Kurma is a creamy, mild curry from North India. This is the Kerala Muslim version of the northern classic, taught to me by a Mappila woman named Haseena Sadick. Her version has rich, layered flavors, and it's thickened with a coconut and cashew paste.
- 1/4 cup grated unsweetened coconut
- 1 1/2 tablespoons raw cashew pieces
- 1 tablespoon white poppy seeds (optional)
- 5 tablespoons vegetable oil
- 1 1/2 cups thinly sliced shallots or onion
- 2 teaspoons minced garlic
- 2 teaspoons minced ginger
- 2 teaspoons finely chopped fresh green chilies (serrano or Thai)
- 1 cup chopped tomato
- 3 tablespoons coarsely chopped cilantro leaves, plus more for garnish
- 6 teaspoons coriander
- 1 teaspoon cumin
- 1/2 teaspoon black pepper
- 1/4 teaspoon cayenne
- 1/4 teaspoon turmeric
- 1 teaspoon Garam Masala (see below)
- 1 1/2 tablespoons salt
- 2 tablespoons plain yogurt
- 2 pounds boneless skinless chicken thighs and breasts, trimmed and cut into 1-inch pieces
In a mini food processor or blender combine the coconut, cashews, poppy seeds, and 1/3 cup water. Grind thoroughly to form a smooth paste like pesto. (A mini processor works best for this.) Set aside.
In a wide deep pan heat 3 tablespoons of the oil over medium-high heat. Fry 1 cup of the shallots until light brown. Stir in the garlic, ginger, green chili, and fry for 1 minute. Add the tomato, 3 tablespoons cilantro, ground masala, garam masala, salt, and 1/2 cup water; fry until the tomato breaks down and forms a paste.
Add the yogurt and stir until it dissolves. Add the chicken and bring to a boil. Reduce the heat to medium-low, cover, and simmer for 30 minutes, until the chicken is cooked through.

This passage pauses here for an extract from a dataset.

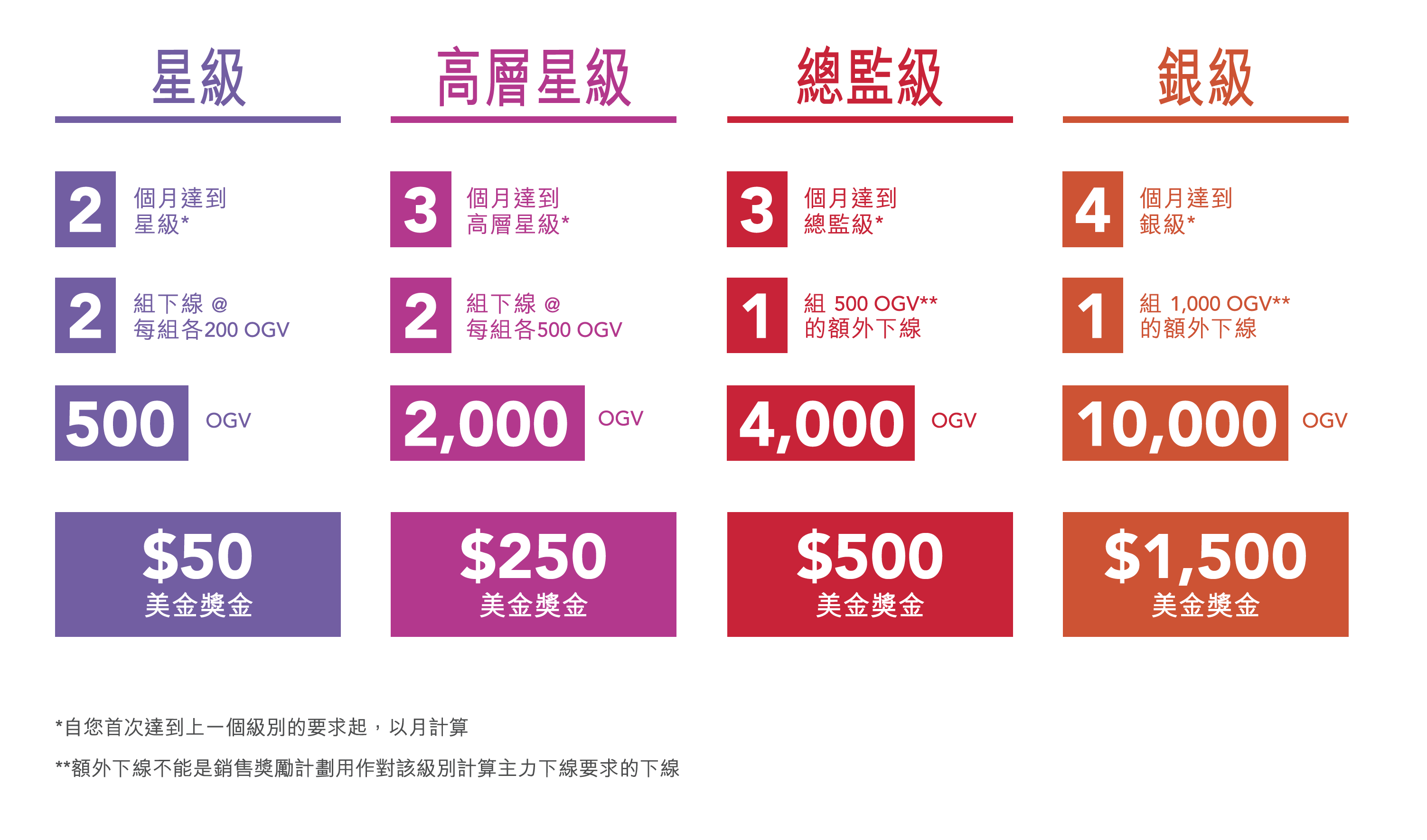 我們新推出的銀級晉階獎金計劃,是另一個讓我們能恭賀您對分享Young Living的動力、熱情與喜愛的方式。銀級晉階獎金的規則幫助您建立能持續發展的事業,代表您每次晉階時除了獲得現金獎賞外,我們還能表揚您的成就!

Fry the remaining 1/2 cup shallots in the remaining 2 tablespoons oil until very brown and crisp. Remove them to a plate.
Add the coconut and cashew paste to the chicken and simmer for 10 more minutes. Check the salt.
- 4 whole pieces star anise
- 2 teaspoons fennel seeds
- 2 teaspoons ground cinnamon
- 2 teaspoons ground clove
- 2 teaspoons ground cardamom
- 1 teaspoon ground nutmeg
Place the star anise in a coffee grinder and grind to a fine powder. Measure out 2 teaspoonfuls, reserving the rest for another use.
Combine all the ingredients and store in an airtight jar away from the light. It will keep for 6 months.